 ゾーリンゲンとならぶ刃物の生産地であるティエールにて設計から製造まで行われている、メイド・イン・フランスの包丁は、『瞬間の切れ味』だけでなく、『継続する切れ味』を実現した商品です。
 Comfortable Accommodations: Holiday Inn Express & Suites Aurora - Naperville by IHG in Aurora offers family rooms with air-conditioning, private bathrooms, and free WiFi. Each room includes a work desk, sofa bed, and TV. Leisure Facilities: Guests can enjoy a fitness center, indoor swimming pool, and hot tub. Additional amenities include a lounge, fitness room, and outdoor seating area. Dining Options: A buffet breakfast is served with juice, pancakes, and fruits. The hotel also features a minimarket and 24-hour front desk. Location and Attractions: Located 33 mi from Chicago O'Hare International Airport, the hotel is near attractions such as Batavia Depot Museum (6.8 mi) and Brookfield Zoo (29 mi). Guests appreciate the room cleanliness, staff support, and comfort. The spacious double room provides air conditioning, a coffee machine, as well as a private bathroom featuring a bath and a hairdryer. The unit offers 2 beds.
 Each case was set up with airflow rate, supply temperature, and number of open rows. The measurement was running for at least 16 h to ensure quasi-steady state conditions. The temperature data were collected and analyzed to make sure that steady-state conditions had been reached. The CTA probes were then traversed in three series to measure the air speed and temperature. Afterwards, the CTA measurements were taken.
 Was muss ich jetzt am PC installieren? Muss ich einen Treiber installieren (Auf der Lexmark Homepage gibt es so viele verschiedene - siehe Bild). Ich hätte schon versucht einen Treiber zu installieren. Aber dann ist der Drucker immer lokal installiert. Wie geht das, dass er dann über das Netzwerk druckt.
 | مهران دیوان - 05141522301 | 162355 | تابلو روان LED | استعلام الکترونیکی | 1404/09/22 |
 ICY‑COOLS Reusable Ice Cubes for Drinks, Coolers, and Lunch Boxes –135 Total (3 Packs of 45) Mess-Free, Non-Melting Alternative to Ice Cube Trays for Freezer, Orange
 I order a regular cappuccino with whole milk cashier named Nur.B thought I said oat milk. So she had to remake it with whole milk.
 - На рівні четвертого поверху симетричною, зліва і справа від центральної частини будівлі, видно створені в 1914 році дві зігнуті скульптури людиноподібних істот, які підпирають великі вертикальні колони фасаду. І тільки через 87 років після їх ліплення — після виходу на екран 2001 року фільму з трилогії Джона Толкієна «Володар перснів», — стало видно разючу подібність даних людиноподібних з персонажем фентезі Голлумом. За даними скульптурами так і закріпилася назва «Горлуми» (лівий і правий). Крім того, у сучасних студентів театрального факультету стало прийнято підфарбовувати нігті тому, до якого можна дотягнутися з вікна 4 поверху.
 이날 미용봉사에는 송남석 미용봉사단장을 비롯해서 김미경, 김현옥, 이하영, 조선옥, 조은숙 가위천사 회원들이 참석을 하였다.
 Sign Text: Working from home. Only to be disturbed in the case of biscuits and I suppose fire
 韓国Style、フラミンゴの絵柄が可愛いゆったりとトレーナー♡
# # #
**TRY IT**
Retype, in the same exact form, the lines of the material above from the line holding "الکترونیکی | 1404/09/22 |" through the line holding "I order a regular".

**SOLUTION TO THE EXERCISE**
 | مهران دیوان - 05141522301 | 162355 | تابلو روان LED | استعلام الکترونیکی | 1404/09/22 |
 ICY‑COOLS Reusable Ice Cubes for Drinks, Coolers, and Lunch Boxes –135 Total (3 Packs of 45) Mess-Free, Non-Melting Alternative to Ice Cube Trays for Freezer, Orange
 I order a regular cappuccino with whole milk cashier named Nur.B thought I said oat milk. So she had to remake it with whole milk.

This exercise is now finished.